The solid state of matter generally consists of a regular arrangement of atoms, molecules, or ions.
A definite geometric form, called a crystal, is distinctive for the substance in question. The
configuration of particles extending in all directions throughout the crystal is called the space
lattice. The smallest portion of the space lattice which shows the pattern for the whole lattice is
called a unit cell. It may be defined as the unit structure which, when repeated indefinitely, gives the
crystal. The number of nearest neighbors of a particle in a crystal lattice is called its coordination
number. Several of the more basic and frequently found crystal structures will be constructed and
studied. Styrofoam balls will be used to represent the atoms.

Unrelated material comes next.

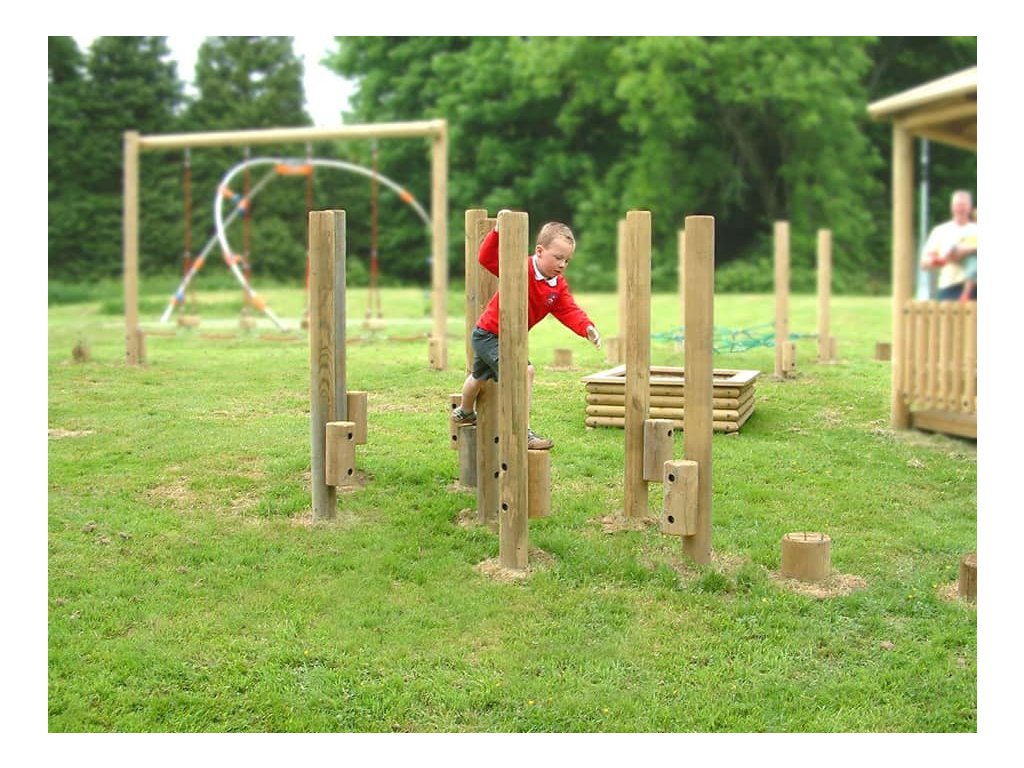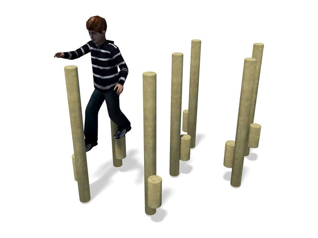 Jak natrénovat chůzi na chůdách? Skvělým doplňkem na dětská hřiště mateřských škol, do parků, k restauracím, hotelům a na různá veřejná prostranství je sestava ze sedmi chůd ze smrkového laminovaného dřeva. Pro prodloužení trvanlivosti je dřevo naimpregnováno. Sestavu lze k podkladu připevnit několika způsoby - zapustit do půdy nebo připevnit pomocí pozinkovaných ocelových kotev, které jsou součástí dodávky. Nejen, že si děti vyzkouší, jak dlouho vydrží na chůdách bez dotyku se zemí, ale slouží i pro rozvoj motorických schopností, zlepšují rovnováhu a koordinaci pohybu. Jsou určeny pro děti od 5 do 14 let. Maximální výška pádu je 0,50 m, proto postačí osadit do travnatého terénu.

The structures of monatomic metals
are explored in this experiment.

Cubic structures

Three of the more simple crystal geometries are shown in detail in the attached figures (simple
cubic, body-centered cubic, and face-centered cubic structures). The arrangement of spheres as
whole atoms is shown first, followed by figures which represent more clearly the cubic
configuration of these atoms, where the spheres represent the centers of the atoms.

One important distinction among types of crystal structure is the efficiency of packing in the given
arrangement. The amount of occupied or filled space as contrasted to the amount of empty space is
a measure of packing efficiency. Occupied volume can readily be measured by calculating the
volume of the spheres that represent the packed atoms. Total volume, the sum of the filled and
empty volumes, is determined by calculating the volume of the unit cell. The empty volume is the
difference between the total and the occupied volumes. Note that the unit cell extends only to the
center of the atoms which comprise the edge of each unit cell (see figures).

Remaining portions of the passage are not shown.